I’ve been making this recipe for years, and I’ve perfected it to the point where my family requests it constantly. The beauty of this dish is its simplicity combined with its incredible depth of flavor. We start with bone-in, skin-on chicken that creates the most beautiful golden broth, add aromatic vegetables that form the flavor foundation, and use fresh herbs and seasonings that elevate everything to restaurant-quality deliciousness.

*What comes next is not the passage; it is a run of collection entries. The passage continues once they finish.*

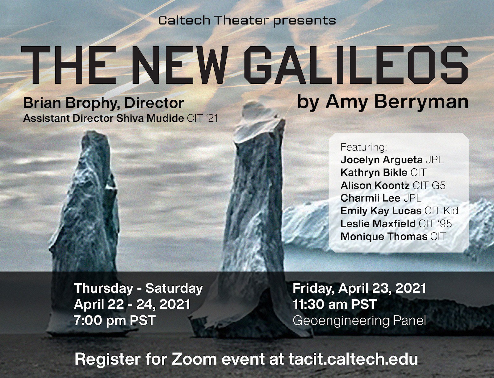 RELATED EVENT: On Friday, April 23, from 11:30 a.m. to 1:00 p.m. PST, Caltech Sustainability and TACIT present an Earth Week Panel on Geoengineering. The panel includes Caltech researchers and Amy Berryman, the playwright of The New Galileos. Learn more.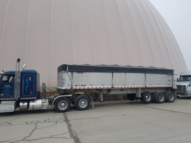 I literally had to manipulate the tarp on a loaded dump trailer very much like a flat bed operator still covers freight. There were no supporting metal “bows” the load was covered by a large one peice canvas that was fitted to the trailer. Rubber straps held it in place and the only fixed point was on the center front of trailer. This method, of cover, is dirty and labor intensive. Climbing and throwing the tarp had its fall risks. The major trick was folding and rolling up the tarp properly to fit in a basket designed to hold it when not in use. I’m glad I was young and more agile when I worked this method.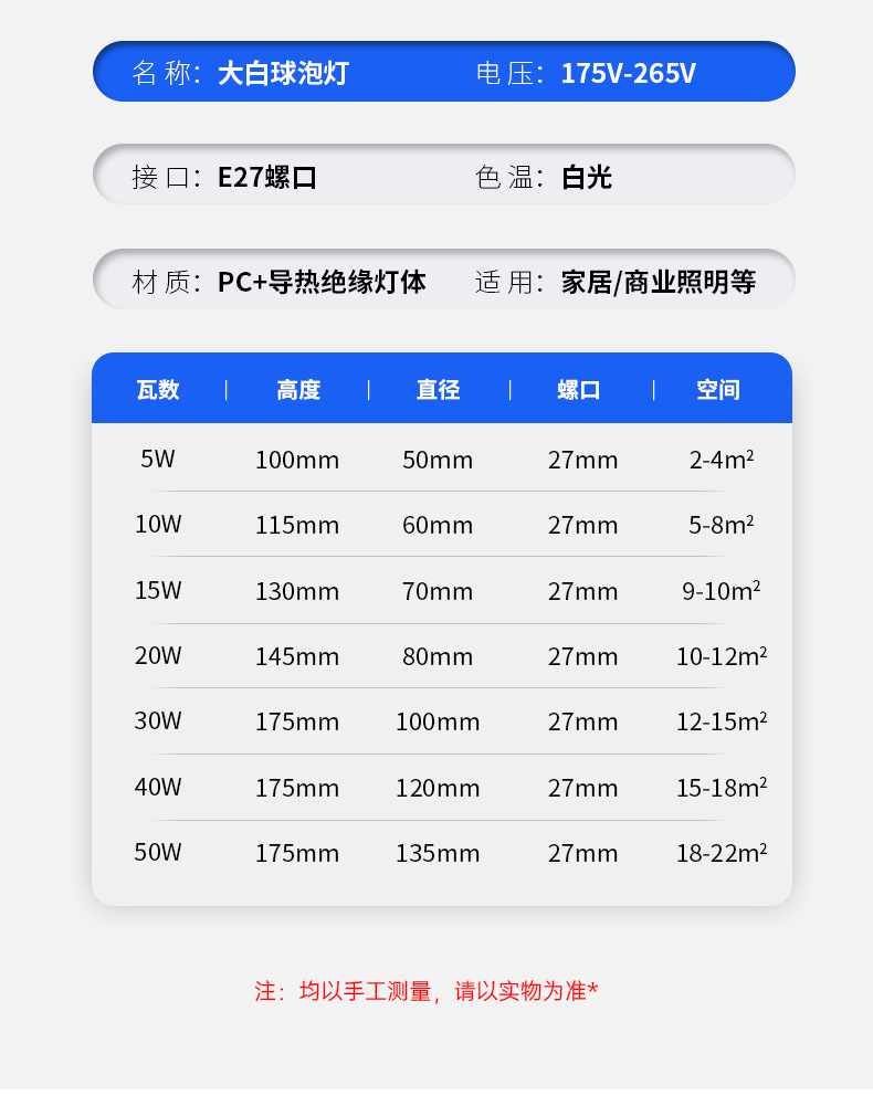 | screw e27 [bare light] white bulb(螺口E27【裸灯】大白球泡灯) | USD $1.39 | 43934 piece available |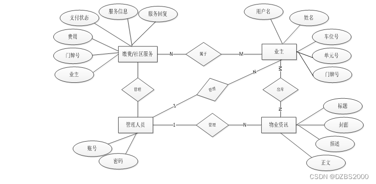 下面是整个物业管理系统中主要的数据库表总E-R实体关系图。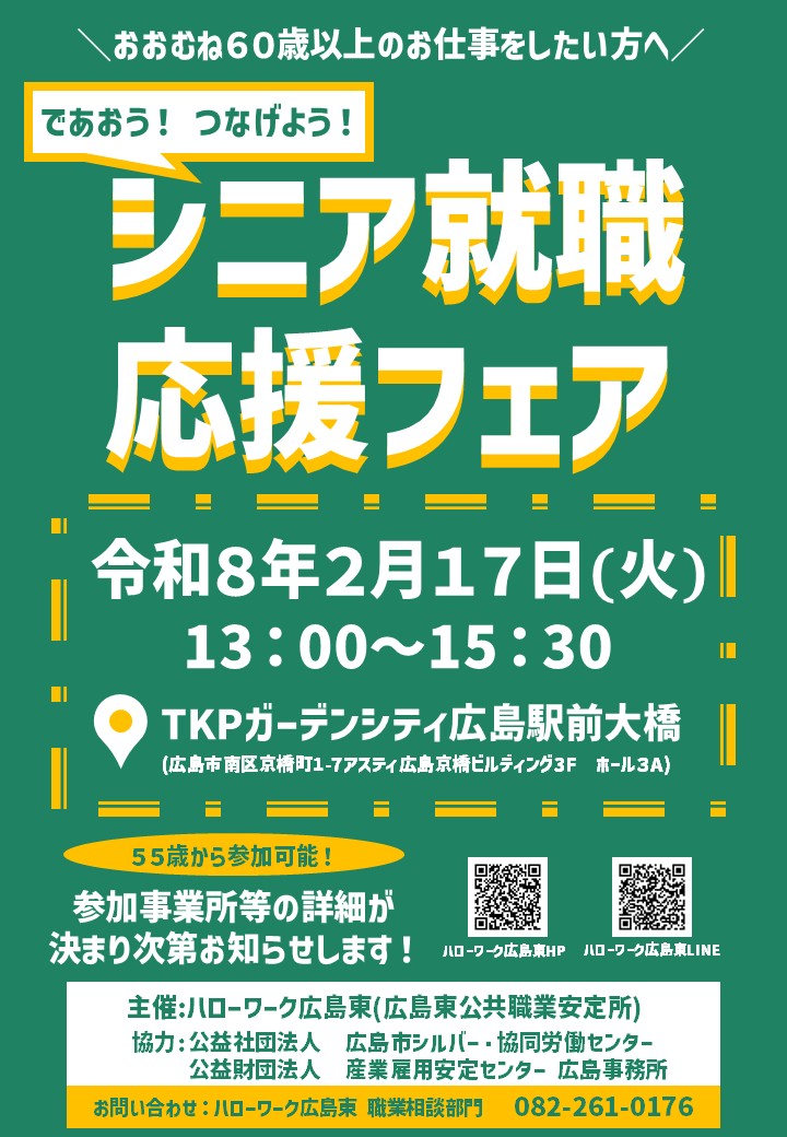 また、広島市シルバー人材センター及び産業雇用安定センターも個別ブースを出展。気になることは何でも相談してください。

One thing I absolutely love about this recipe is how versatile it is. You can make it exactly as written for a classic version, or you can add your own personal touches. Some people love adding a splash of cream for extra richness, others add fresh thyme or rosemary for an herbaceous note. I’ve even made versions with homemade noodles, which is absolutely divine if you have the time. The recipe adapts beautifully to whatever you have on hand and whatever your mood calls for.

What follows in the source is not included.